## EXCERPTED DATA
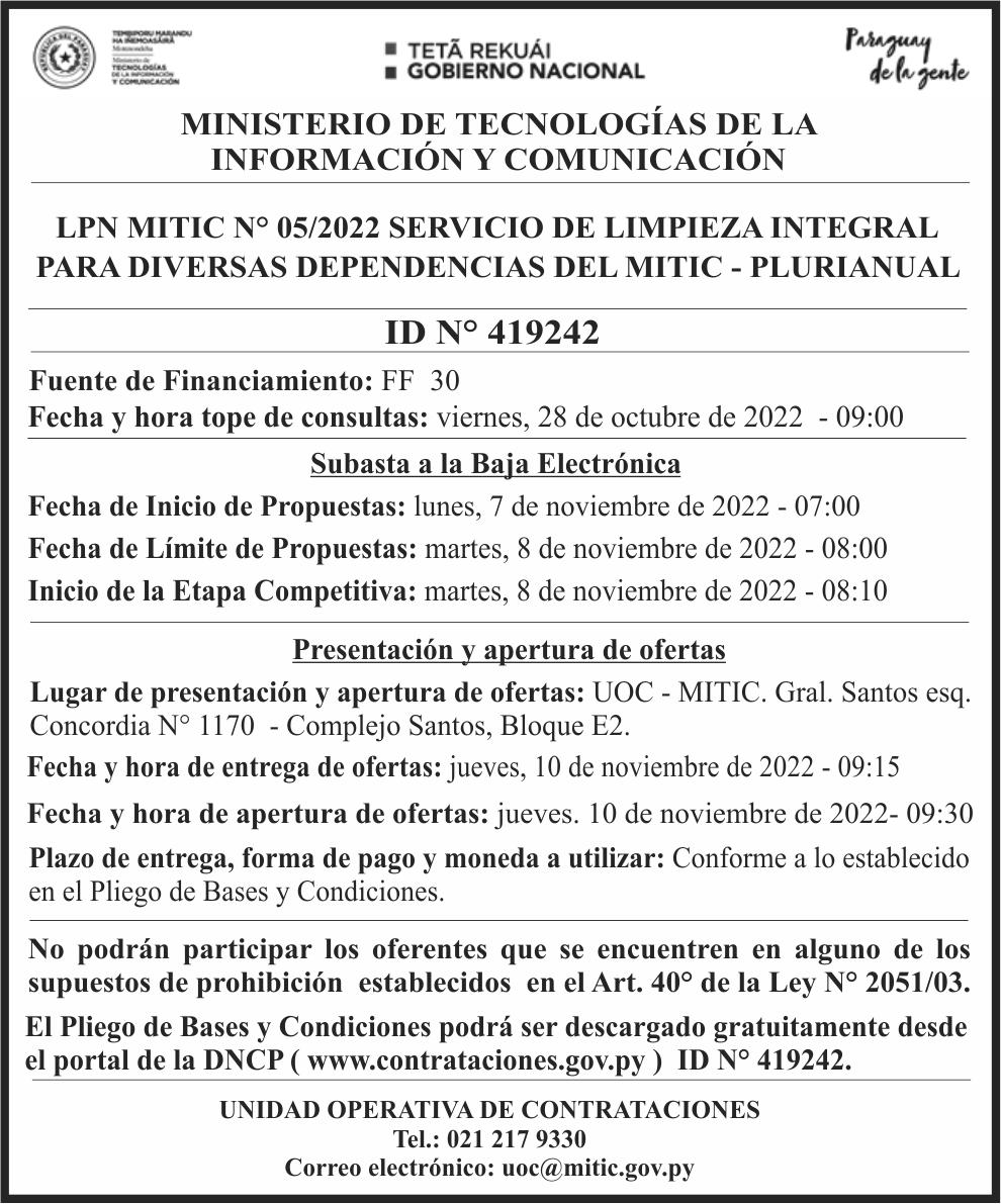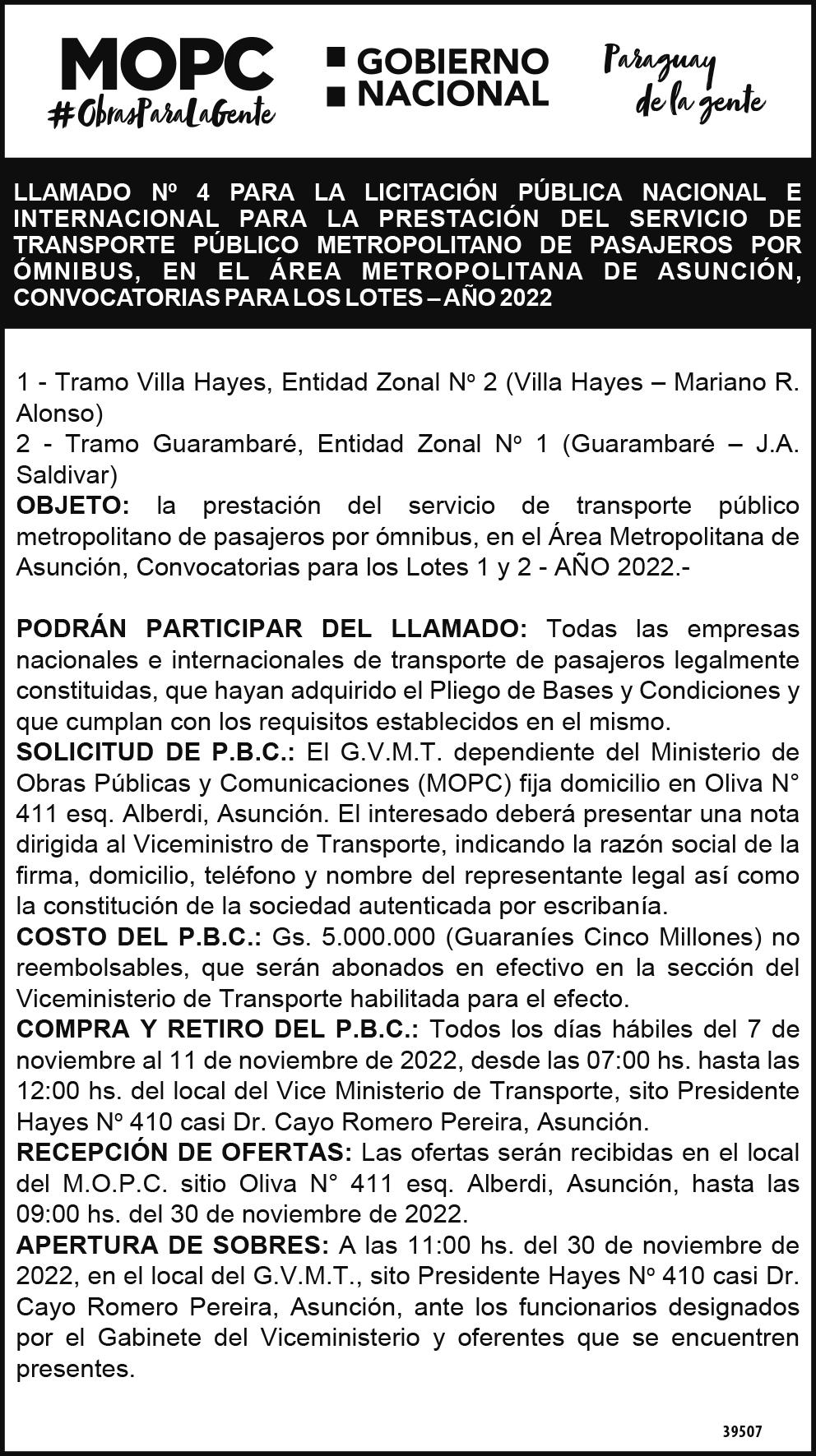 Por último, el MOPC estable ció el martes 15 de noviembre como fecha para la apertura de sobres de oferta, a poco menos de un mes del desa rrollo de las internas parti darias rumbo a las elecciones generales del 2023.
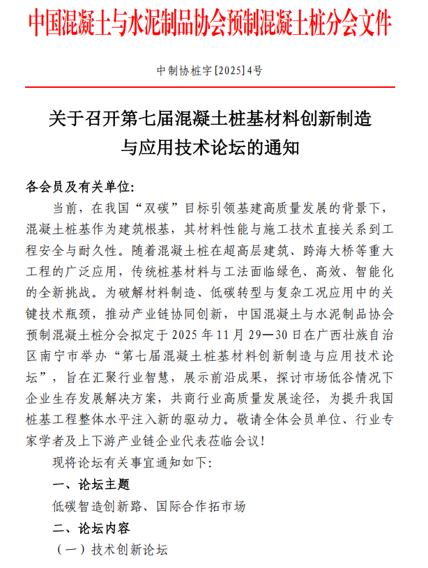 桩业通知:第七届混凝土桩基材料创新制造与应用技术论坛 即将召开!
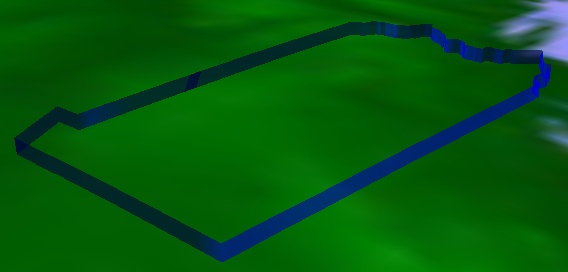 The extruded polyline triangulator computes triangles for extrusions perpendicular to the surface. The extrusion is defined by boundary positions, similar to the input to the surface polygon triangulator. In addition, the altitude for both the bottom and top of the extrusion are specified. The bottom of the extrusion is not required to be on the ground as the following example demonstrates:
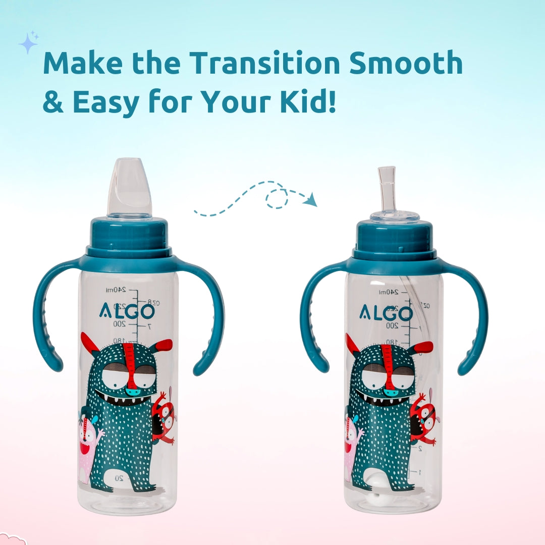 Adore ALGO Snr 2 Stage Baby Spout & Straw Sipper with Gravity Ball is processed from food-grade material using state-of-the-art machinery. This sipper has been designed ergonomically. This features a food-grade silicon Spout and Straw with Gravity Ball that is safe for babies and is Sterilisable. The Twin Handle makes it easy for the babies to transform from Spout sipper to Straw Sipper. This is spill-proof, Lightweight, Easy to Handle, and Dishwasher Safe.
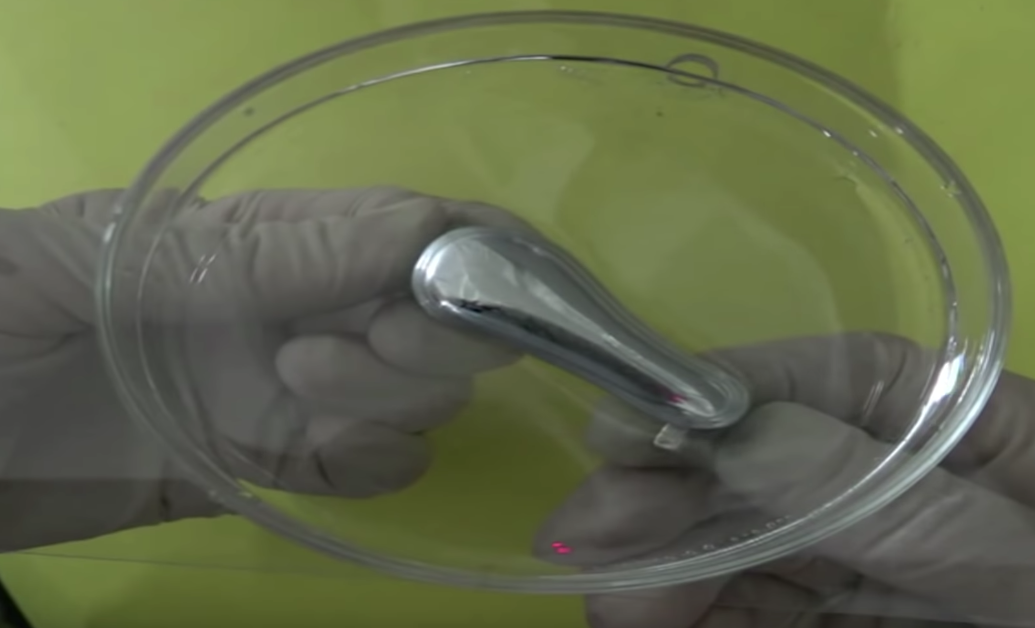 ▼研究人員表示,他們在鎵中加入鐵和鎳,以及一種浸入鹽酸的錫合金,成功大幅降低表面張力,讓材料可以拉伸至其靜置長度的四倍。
* * *
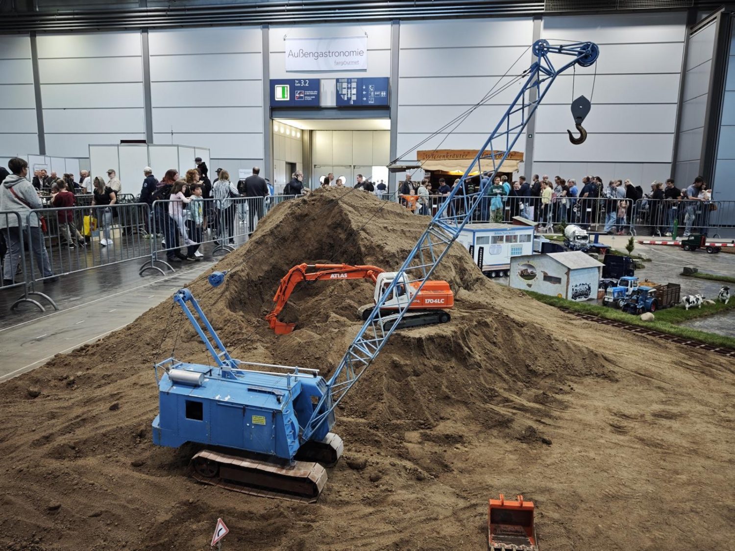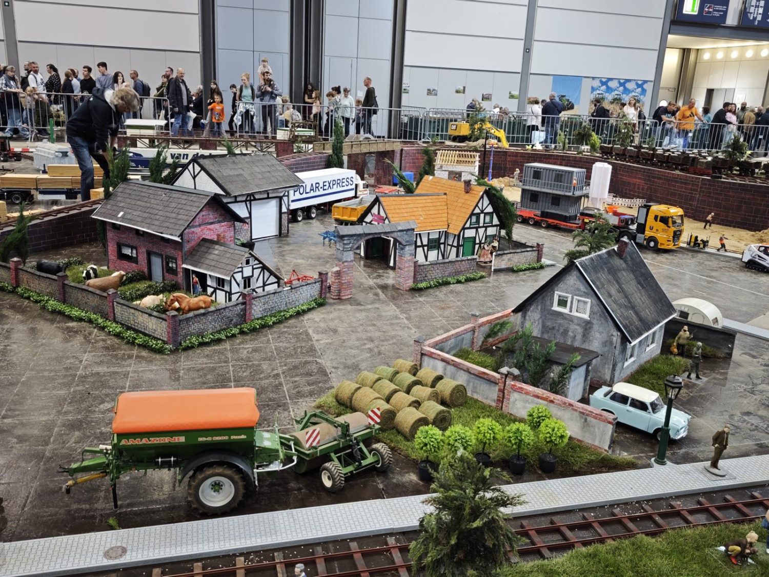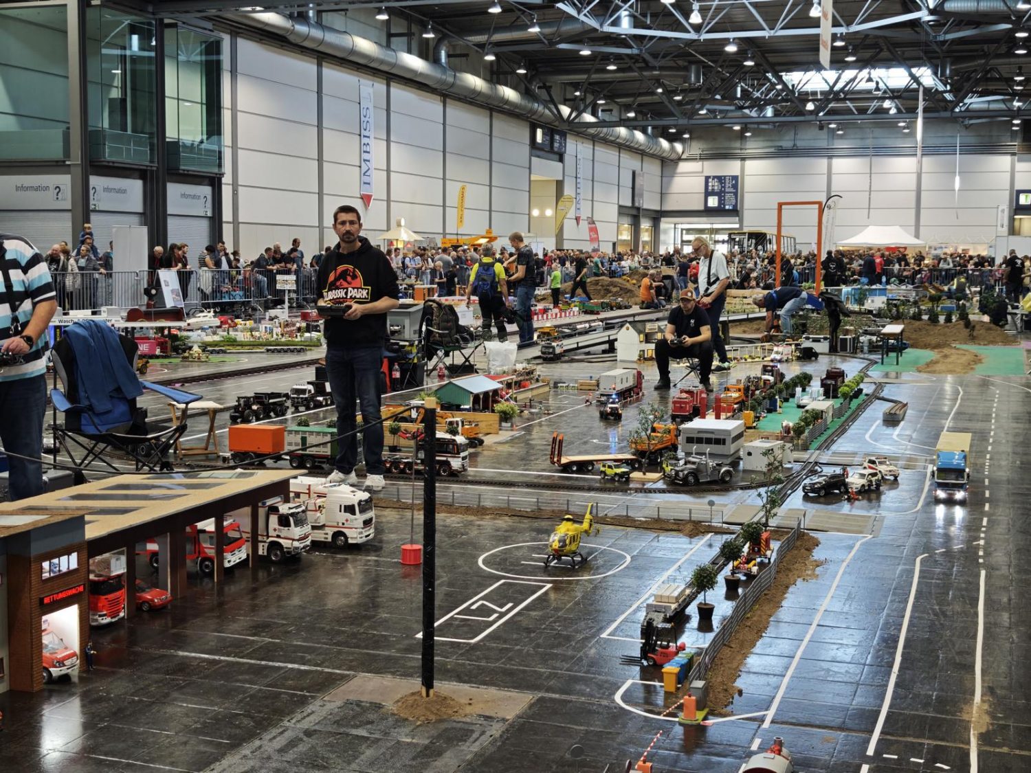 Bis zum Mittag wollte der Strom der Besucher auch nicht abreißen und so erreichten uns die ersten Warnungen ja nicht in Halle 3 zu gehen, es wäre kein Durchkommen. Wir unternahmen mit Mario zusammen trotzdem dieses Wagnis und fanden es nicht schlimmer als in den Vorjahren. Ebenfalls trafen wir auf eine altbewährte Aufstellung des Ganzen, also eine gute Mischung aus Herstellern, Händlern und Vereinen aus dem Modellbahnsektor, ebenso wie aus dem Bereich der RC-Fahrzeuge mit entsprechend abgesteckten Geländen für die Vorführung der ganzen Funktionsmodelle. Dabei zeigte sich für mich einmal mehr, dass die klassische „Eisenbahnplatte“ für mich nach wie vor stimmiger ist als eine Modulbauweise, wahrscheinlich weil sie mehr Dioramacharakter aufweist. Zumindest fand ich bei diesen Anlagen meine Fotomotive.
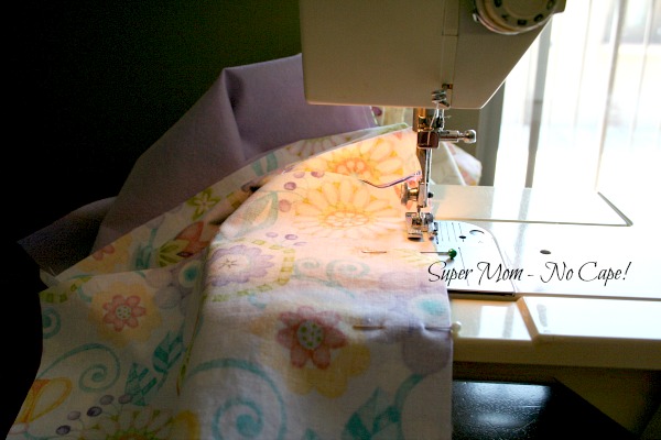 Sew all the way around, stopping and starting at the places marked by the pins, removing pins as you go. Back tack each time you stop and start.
---
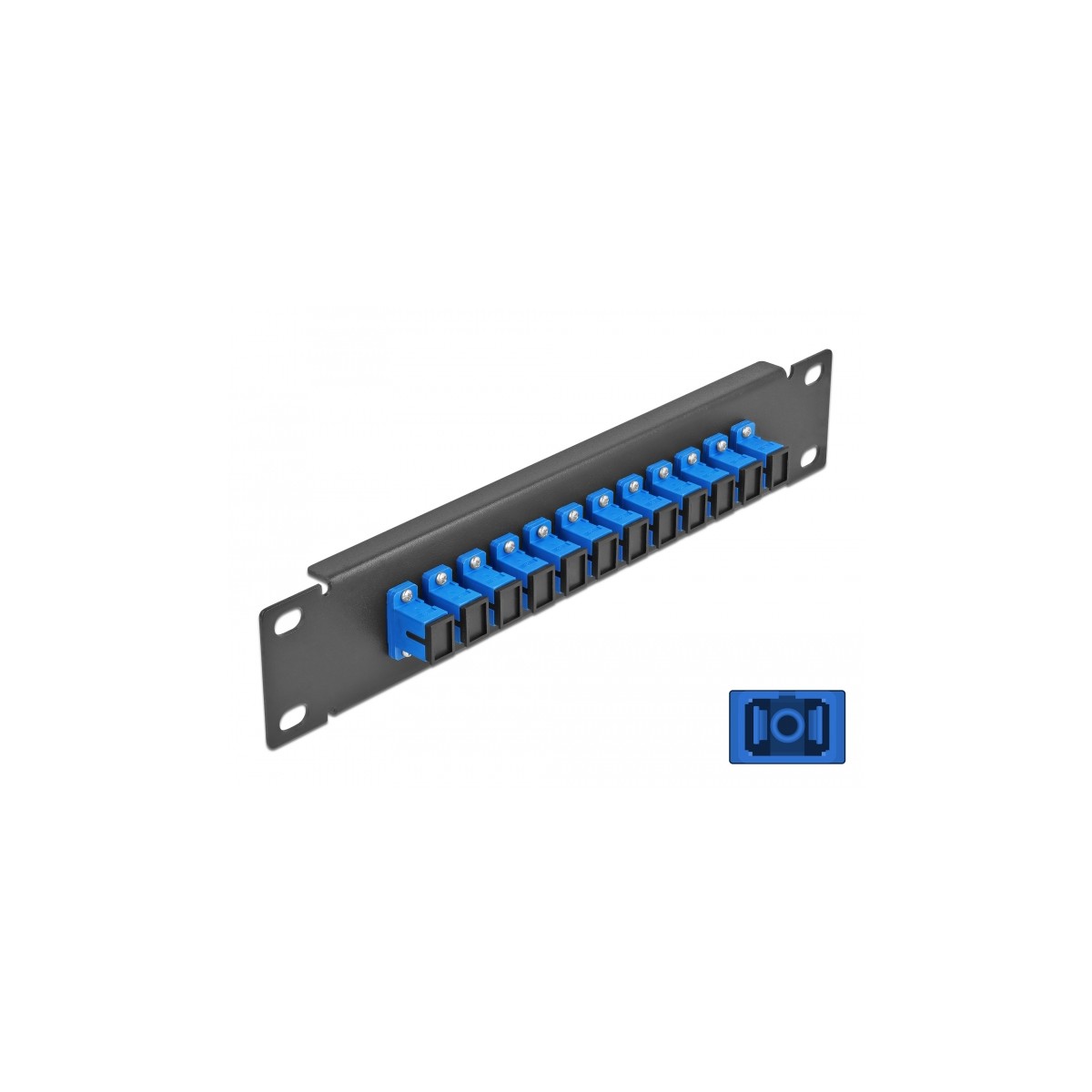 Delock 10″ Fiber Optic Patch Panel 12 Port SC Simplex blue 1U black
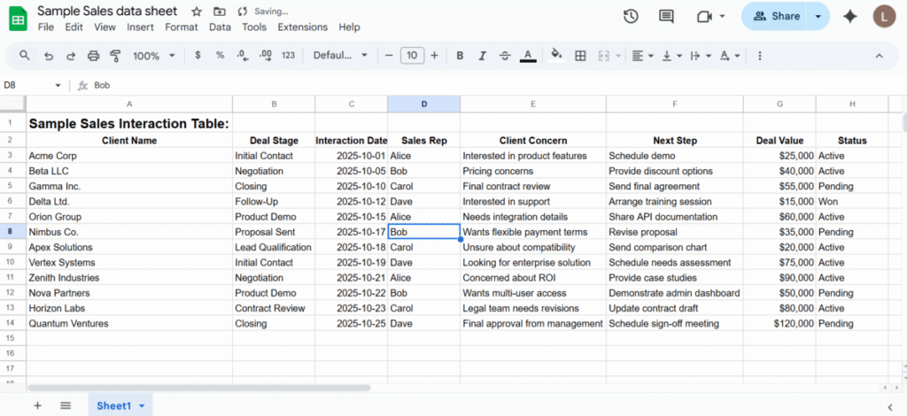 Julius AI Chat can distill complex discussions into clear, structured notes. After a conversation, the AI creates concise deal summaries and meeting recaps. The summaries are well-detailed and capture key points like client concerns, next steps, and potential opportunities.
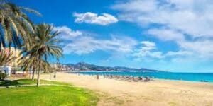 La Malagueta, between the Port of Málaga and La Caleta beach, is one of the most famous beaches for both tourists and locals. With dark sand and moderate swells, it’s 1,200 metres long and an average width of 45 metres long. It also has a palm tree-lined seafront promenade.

## WHAT THE EXERCISE ASKS
Keep to the stretch from the line containing "Por último, el" through the line containing "桩业通知:第七届混凝土桩基材料创新制造与应用技术论坛 即将召开!", both ends included, and copy it exactly from the listing above, minus the pictures.

## WORKED SOLUTION
 Por último, el MOPC estable ció el martes 15 de noviembre como fecha para la apertura de sobres de oferta, a poco menos de un mes del desa rrollo de las internas parti darias rumbo a las elecciones generales del 2023.
 桩业通知:第七届混凝土桩基材料创新制造与应用技术论坛 即将召开!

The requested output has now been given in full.